Your call for comments states:

"In addition, the Department welcomes comments on whether the Special Master has the authority to limit the types and amounts of fees that can be charged by legal counsel, accountants, experts or others who are retained by claimants to assist them in filing and pursuing compensation claims, and whether such fees can and should be paid by the Special Master directly out of compensation awards. The Department welcomes information about practices in this regard with respect to other federal compensation programs, and welcomes specific suggestions on any appropriate fee schedule or policy."

I am a trial attorney, a member of the Association of Trial Lawyers, its Aviation Section and have spoken around the country more than 20 times on trial lawyer issues. In addition, I handle a limited number of social security claims. I believe it is imperative that an opportunity for an oral hearing be allowed each claimant.

First, your call for comments implies, that if the Special Master had the authority to limit fees, he/she would do so. I believe that this is a flawed assumption. Even if the Special Master had such right, there is no basis upon which to presume that doing so would be in anyone's interest, unless it was the perceived interest to protect the treasury, under the theory that the claimant who does not get to choose his only attorney, will recover less. What other purpose would be served by limiting fees?

First, the claimants have the opportunity of choosing free representation if they choose, because of the TLC program.

Second, the potential size of the claims eliminates any concern that the claimant's will somehow lack the economic power to negotiate a fair fee. In fact, by nature of the no-fault nature of the Fund, some of the best aviation law firms, are offering to do these cases for less than standard 1/3 contingency. As a result of a confluence of different factors, including TLC, the no-fault basis of the Fund, the relative large claims for many individuals, the public interest in these cases, there should be no difficulty in the free market affording substantial choices, at reasonable costs, to claimants.

Third, while certain federal benefit programs do have limitations on attorney fees, the policies that might justifythe implementation of fee structures in such programs, do not appear relevant herein. For example, social security allows for a contingent fee, but not to exceed 25%. However, as a practical matter, the fees in such cases are often limited to sums that do not exceed $4,000. However, with the social security claimant, you are dealing with a disabled or older individual whose total benefits are going to be relatively limited, when compared to the possible sums at stake in claims under the Fund. Likewise, with Veteran's Benefit programs. In contrast, most of the claimants to the Fund, will be personal representatives of significant estates, who to a remarkable degree, because of the demographics of most of the victims, will be sophisticated or have ready access to sophisticated assistance.

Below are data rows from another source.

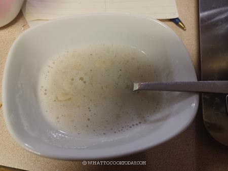4. Place the gelatin and water in a heat-proof bowl and stir to combine. Let them sit for 1-2 minutes to soften the gelatin. Put it in a microwave and microwave on high for about 30-40 seconds. The mixture should be clear
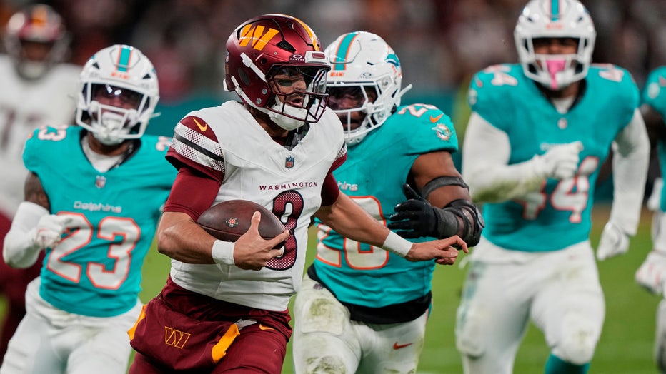Washington Commanders quarterback Marcus Mariota (8) scrambles against the Miami Dolphins, Sunday, Nov. 16, 2025 in Madrid. (Doug Benc/AP Content Services for the NFL)
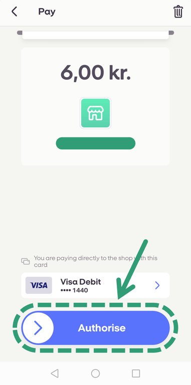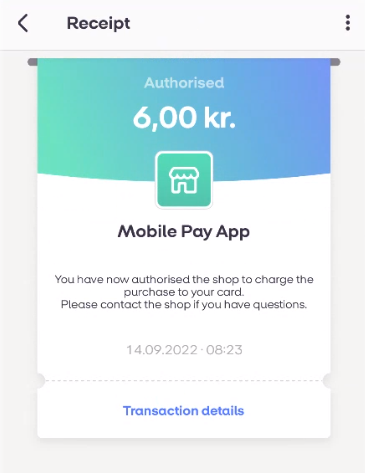 Je hebt 5 minuten de tijd om de MobilePay test app te openen en de lopende betaling goed te keuren. U krijgt het volledige transactiebedrag te zien, de naam van uw winkel en een optie om uw voorkeurskaart voor de betaling te kiezen (dit zijn testkaarten die door MobilePay voor testdoeleinden worden verstrekt).
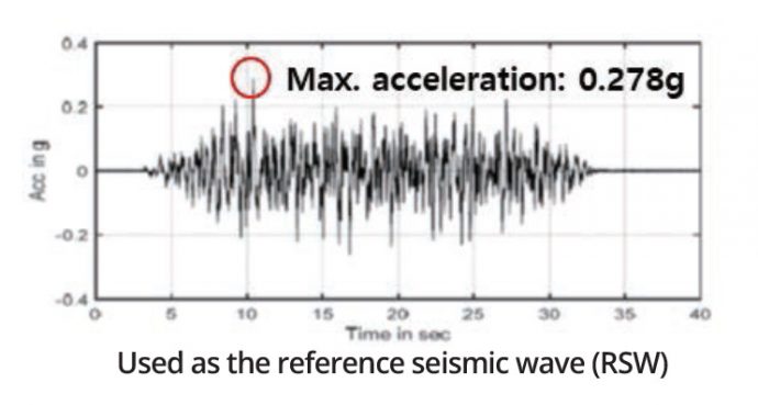 Earthquake simulation experiment using the shaking table. Applied by 2.5 times the reference seismic wave(RSW)(0.278g)
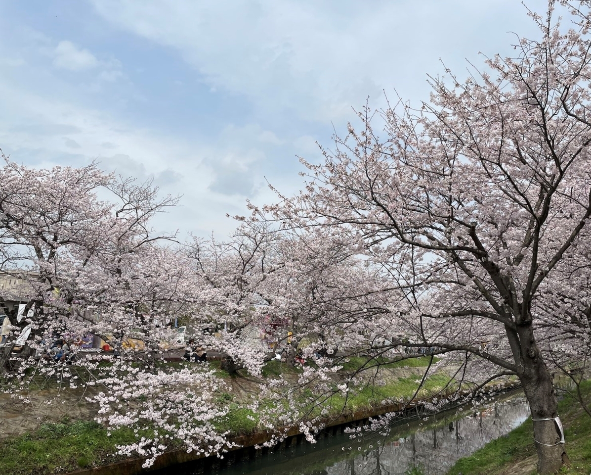 ソメイヨシノが満開でした! 水面に花吹雪が散り、風情があってキレイでしたよ。
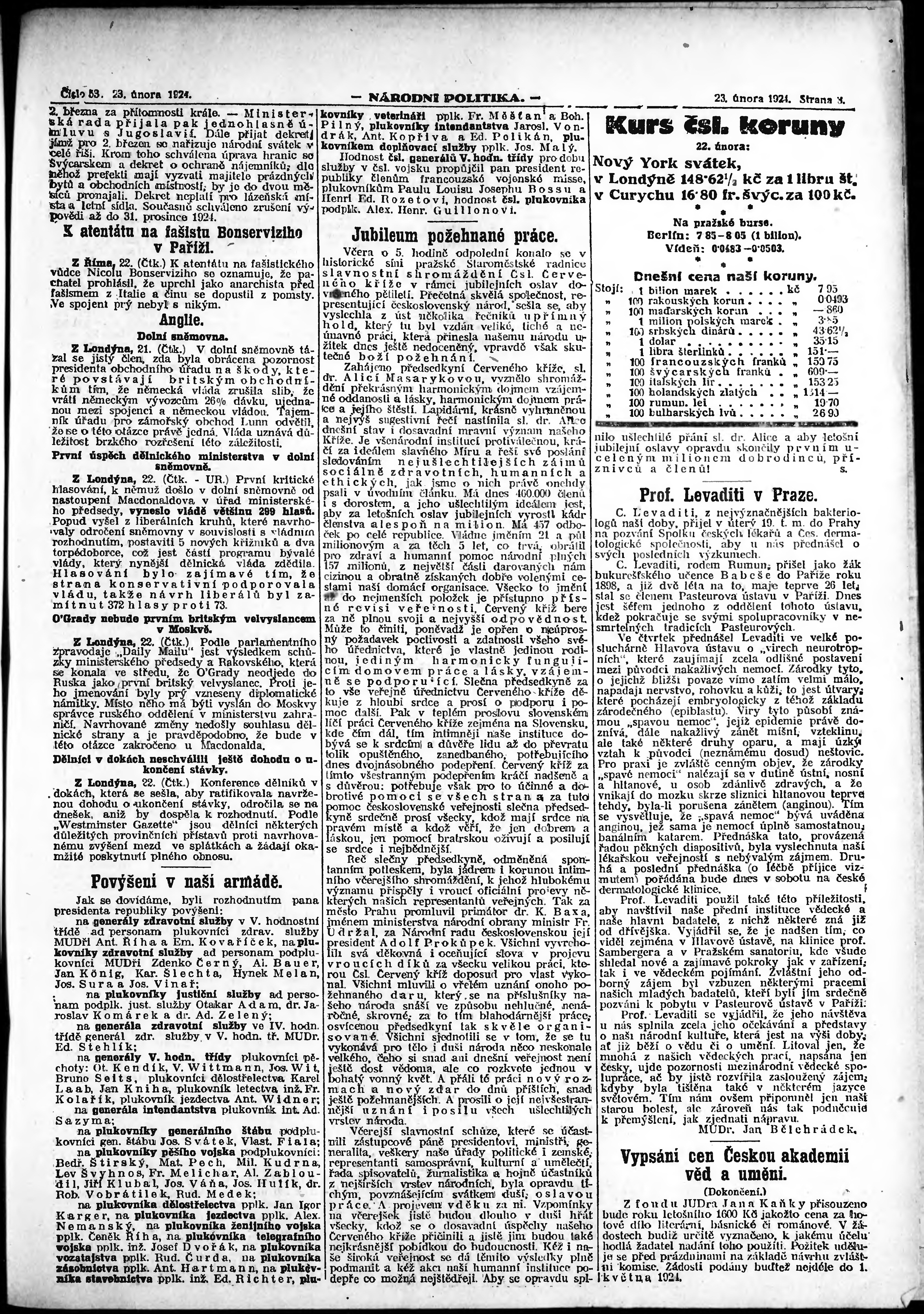 * Datum vydání výtisku: 23.2.1924 Číslo výtisku: 53 Poznámky k výtisku: ranní vydání; vydání pro Prahu;
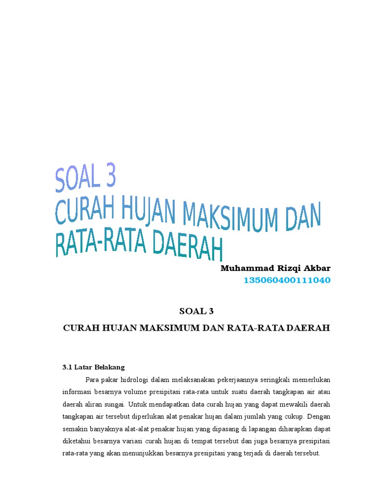 Contoh soal menghitung curah hujan. Contoh cara menghitung debit waktu aliran dan volume aliran. Bentuk umum dari rumus mononobe adalah. Untuk menghitung hujan rencana dengan rumus mononobe harus tersedia data hujan harian. Volume air yang keluar dari sebuah pipa dalam satu menit adalah 12 liter. Curah hujan mm januari. Data curah hujan di kota z.
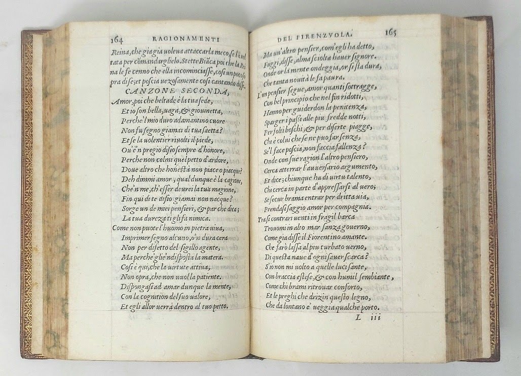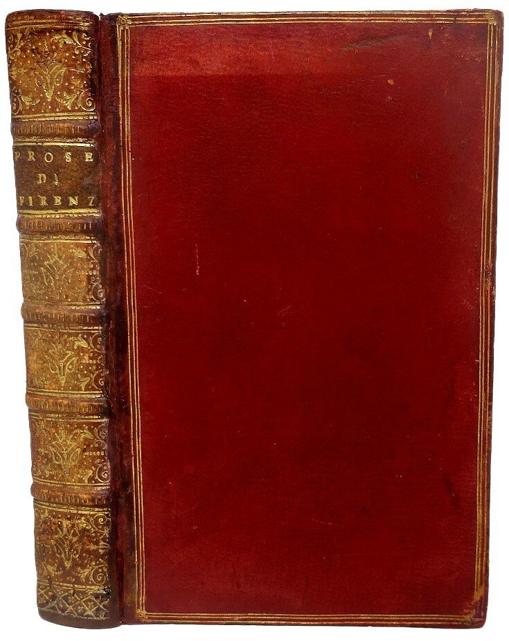 >in-8 (158x102 mm), pp. 430 (ma con errore di numerazione da pag. 271 a 291, testo completo, mancano in fine tre fogli: uno con il Privilegio e due bianchi). Carattere corsivo, impresa dei Medici sul titolo, numerose grandi iniziali ornate in silografia. Legatura settecentesca in pieno marocchino granata, filetti oro sui piatti, dorso a nervi ornato, tagli dorati, dentelle interne, sguardie in bella carta dorata (cerniere deboli, macchie alla pelle dei piatti). Seconda edizione (dopo la prima del 1548, Giunti) di importante testo letterario, elegante ed ameno, diviso in sette capitoli: "Discorsi de gli animali. Ragionamenti amorosi. Epistola in lode delle donne. Novelle otto. Discacciamento delle Lettere. Dialogo della bellezza delle Donne". Agnolo Giovannini, detto Firenzuola (di Firenze, 1493-1545), assai amato dai contemporanei, fu pure Abate di Vallombrosa. Tutto sommato bell'esemplare, fresco (ma margini bianchi del foglio di titolo pesantemente rifatti, e mancanti gli ultimi 3 fogli). Moreni, Annali del Torrentino, p.208, XIII. Gamba, n.455 ''rara''. Adams, I, 501

We believe that the market will dictate attorney and other fees in these cases, at a level that certain individuals will be more than happy to pay such amounts, under the belief that representation of their choice, will net them more than they might otherwise recover. The presence of TLC as an alternative, will almost guarantee it. However, if the Special Master does elect to put a limitation on fees, we submit that it should be a limitation on the percentage of a contingent fee, not a limitation based upon hourly rate. Just the adminstrative investment of time to calculate the hourly fee process, would be a valid reason for the Special Master to stay out of that process.

As the amount to be recovered under a government benefit program increases, the amount that is allowed as an attorneys fees also goes up. Many states allow for attorneys fees in workers comp cases of 20-25% on a contingent fee basis. And in the largest cases under federal law, such as Civil Rights and Federal Tort claims (which have a 25% cap), contingent fees are allowed. These type of claims would appear to be far more analogous to 1983 actions and Federal Tort claims, than to disability claims, especially in light of the fact that the Fund is premised upon Victims foregoing their right to bring what might be huge tort claims.

If you take away the contingent fee system, you not only deny claimants access to the best lawyer of their choice, you also deny them access to the best experts, as it is the contingent fee attorney, who invariably fronts the cost of the preparation of the case. It is clear that if the Special Master limits a claimants free choice to contract with their lawyer as they choose, you will take away that claimants choice of representation.

If you want this Fund to achieve the policy goals behind its creation, assuring full compensation for claimants, must be allowed. While there are those who would choose to try to obtain full compensation through the choice of a free lawyer, those who would prefer to hire an attorney on a contingent fee basis, because of the complexity of their cases, or the overriding belief that you get what you pay for, should not have such choice taken away from them.